1. k value: 7, 11, and 15
2. scale factor: 10, 50, 100, 150, 200, and 500

Pipe usage

python funcprofiler.py -h

A metagenome example fastq file is available with this repository. Obtain the KO sketches from the link given above. Then, run the following command:

cd demo
python ../funcprofiler.py metagenome_example.fastq KOs_sbt_scaled_1000_k_11.sbt.zip 11 1000 ko_profiles

The output is a csv file named ko_profiles, which lists the KOs that are present in the sample, and the second column gives their relative abundances.

Parameters:

Name	Description
mg_filename	Path to the input metagenomic sequences (fasta or fastq)
ko_sketch	Path to the reference sketch
ksize	Protein kmer size (7, 11, or 15) to use, corresponding to (21,33,45) for DNA
scaled	The scale factor in the FracMinHash technique, 1000 is suitable for KEGG KO.
output	Output filename
-t THRESHOLD_BP	Least bp of overlap for a reference gene (cluster) to be present, default 1000
-p PREFETCH_FILE	Output filename for the sourmash prefetch output

Running for many metagenomes in parallel

One can run many instances of funcprofiler.py simultaneously in parallel for many metagenomes.

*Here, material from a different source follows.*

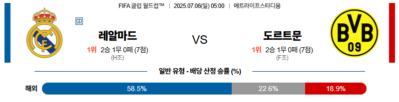 레알마드리드 대 도르트문트 FIFA클럽월드컵 07월06일 맞대결 생중계, 스포츠중계, 스포츠분석

The script is funcprofiler_many.py. This script takes a file_list as input, which should contain a list of all input metagenome files, and their target output files.

Usage

python funcprofiler_many.py <KO_REF_DB> <KSIZE> <SCALED> <FILE_LIST> <THRESHOLD_BP>

Parameters

1. KO_REF_DB: the KO reference db (gig.zip or sbt, detailed above)
2. KSIZE: proper protein k-mer size
3. SCALED: proper scaled value (our pre-built ref dbs support 1000 or 500)
4. FILE_LIST: a text csv file, containing no headers, two columns, first column being the metagenome file paths, and the second column being the corresponding target ko profile output names
5. THRESHOLD_BP: the threshold bp to use in sourmash. 50/100/500 etc. are typical values. Larger value is faster with reduced sensitivity.

Example usage

cd demo
python ../funcprofiler_many.py KOs_sbt_scaled_1000_k_11.sbt.zip 11 1000 list_of_files 100

Citing

fmh-funprofiler is published in Bioinformatics, please cite the following.

Hera MR, Liu S, Wei W, Rodriguez JS, Ma C, Koslicki D. Metagenomic functional profiling: to sketch or not to sketch? Bioinformatics. 2024 Sep 1;40(Suppl 2):ii165-ii173. doi: 10.1093/bioinformatics/btae397. PMID: 39230701; PMCID: PMC11373326.